また、守備面でもしっかりと対応していて、宮崎もタスクを理解して椿には絶対についていったり、呉屋がパスを受ける動きでリズムを作り始めたら呉屋を潰してきたりと、賢い対応をしてきました。
PKも甲府目線では不運だったと思いますし、悪くはない試合だったと思います。
しかし、それでも甲府が勝てていないのは、やはり冒頭でも話した通り、得点面の問題。
個人での打開力や得点力のある選手があまり多くない印象ですし、中盤でパスを繋ぐという意欲が高い分、ゴール前に人数が足りないことも多かった。

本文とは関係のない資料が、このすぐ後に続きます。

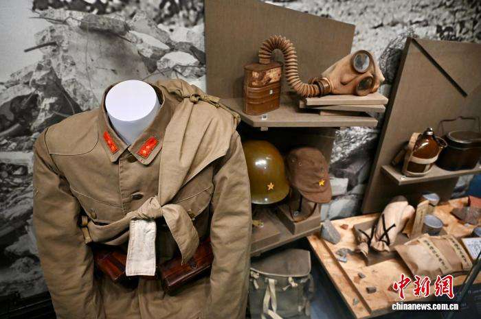 图为日本陆军二等兵军服(左)及1号甲型防毒面具(上)等。

厳しく言えば、中盤でのパスワークは構築できるものの、崩しきるところにおいては物足りないということにもなるのかもしれません。
とはいえ、良い戦いが出来ていた甲府に対してジェフが勝てたのは、単純に勢いというものもあるのでしょうが、やはり2CBの守備面での安定感といったものが大きいのではないかと思います。
特に鈴木大輔は最後のジェフのゴールシーンも絡んでいますし、守備面でのゴール前での粘りも含めて、試合を勝たせられる選手と言えるのかもしれません。
甲府とはその点で、差が出たとも言えるのかなとも思います。
ただ、鈴木大輔もベテランでフルシーズンにわたって活躍できるかはわかりませんし、キャプテンに頼らないチームを作り上げたいところですね。
正直、試合内容に対して今の結果は出来過ぎといった印象もありますし、課題を1つ1つ克服して成長していってほしいと思います。